Botox doesn’t fit neatly into either the biocompatible or synthetic injection categories. Most know by now that the trade name Botox stands for bovine toxin. Yes, indeed: toxin from a cow. It’s “natural” stuff, organic. But it’s not a filler. Botox works by blocking neural impulses. Muscles can’t contract, so wrinkles tend to relax and soften. You’ll see results in days, lasting up to six months. Then…re-treatment. On the upside, the return of wrinkles lessens, in appearance, as treatments continue. The Botox, once injected, does metabolize. How much is needed is hard to gauge, as bodies will metabolize the product at varying rates.
Side effects can be downright frightening. Many people report problems swallowing and breathing—and some have died. The botulinum toxin can affect body areas far from injection sites, leading to overall muscle weakness. The list goes on: double or blurred vision, hoarseness, loss of voice, bladder problems, headache, neck pain, dry mouth, bruising, trouble articulating words, asthma symptoms, wheezing, respiratory infection, indigestion, dizziness, nausea, and serious allergic reactions (itching, rashes, welts) have all been reported. One common unfortunate cosmetic side effect: drooping eyelids, marring the user’s appearance.
There are even psychological side effects. Some users become addicted to Botox. The addiction isn’t physical, but some Botox fans become utterly obsessed with the notion they must remain completely wrinkle-free. The ultimate symptom of the Botox-binger: the “frozen face” we’ve seen on more than a few celebrities. Read more about Botox injections in Botox Alternatives.
You Can't Trick Your Body
You cannot trick the body for long by sticking into it something from the outside, which is why these treatments require repeated visits and payments. As I’ve written about repeatedly, the way to a beautiful exterior always begins on the inside. Not only that, but using unnatural practices can cause you more trouble if you are trying to lead a natural lifestyle, as I’ve discussed in Health and Beauty: When Natural and Unnatural Practices Clash.

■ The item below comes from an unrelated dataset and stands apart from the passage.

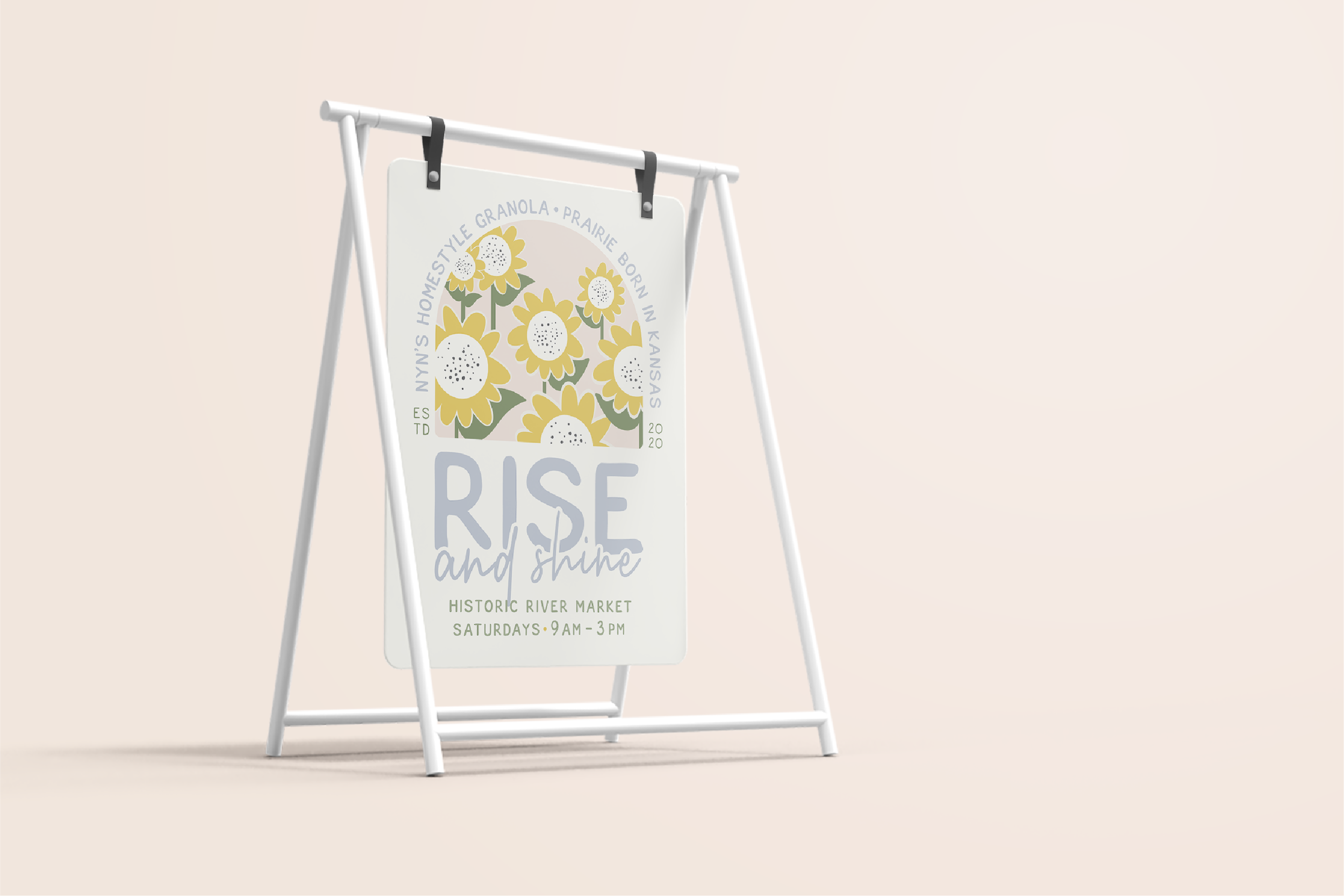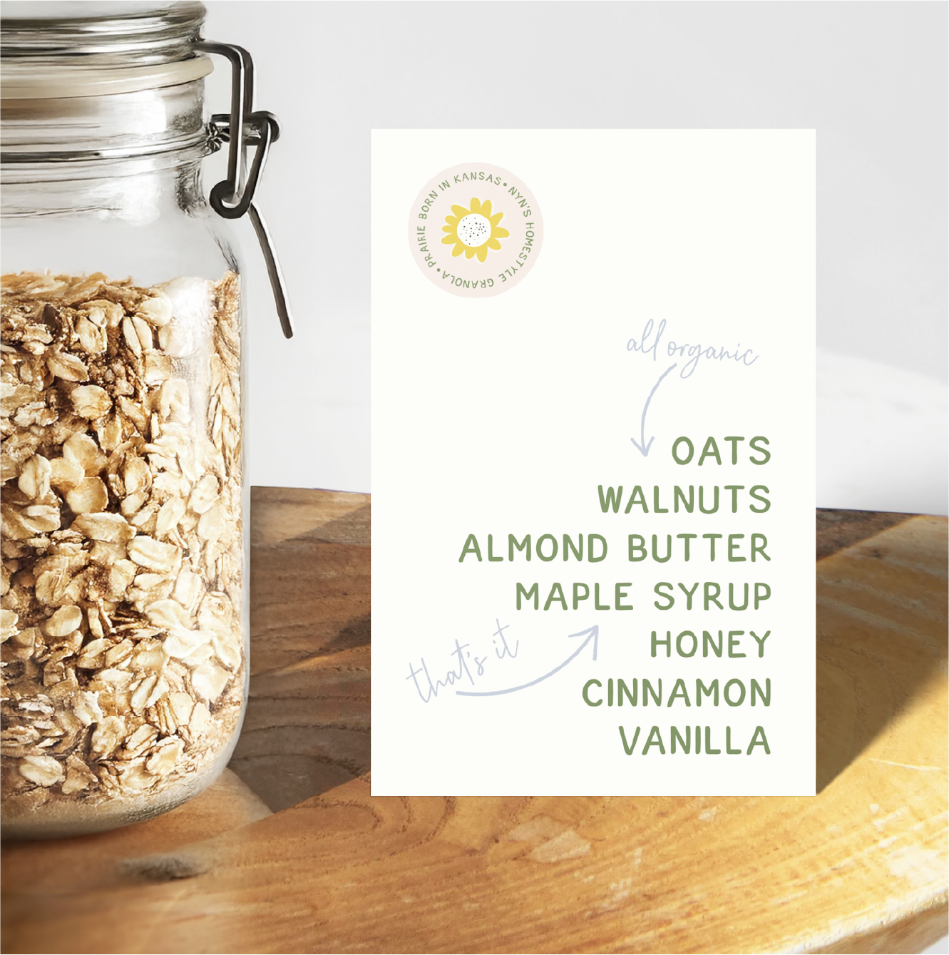 PROJECT GOAL: To design a warm and inviting brand that reflects Nyn’s Kansas roots and homemade, organic approach. The design aims to capture the simplicity and wholesomeness of Nyn’s gluten-free granola while highlighting her commitment to clean, quality ingredients and preparing her for success at local farmers markets.

One of my readers who has suffered through repeated injections and other “professional treatments” in attempts to stay youthful has graciously allowed me to share story in this Blog post: Cosmetic Procedure Went Wrong. Before you consider injecting, lasering or peeling anything, I suggest you read it.
Please, keep in mind, injections get reabsorbed, skin needs to be retightened. Facelifts, no matter how well done, leave scar tissue that bunches up the underlying fascia, preventing good blood supply to the skin. Some cosmetic procedures do not go well with facial exercises, facial massage and dry brushing—the very procedures that give you real youthfulness, from the inside out.
The Rawsome Flex System is the result of my continuing effort to ward off aging. In Rawsome Flex, there are 30 exercises with illustrations and detailed instructions. Learn more about Rawsome Flex here...
I've tried to be impartial. But naturally I can't be totally unbiased. My message: No matter what you decide to do, get yourself healthy first, try natural methods first. When you do, there's a great chance you'll forgo any thoughts of cosmetic 'procedures' as you enjoy the remarkable restorative power of simple good health...
The best part: You become loving and accepting about your appearance. You feel good about yourself. And that makes you beautiful.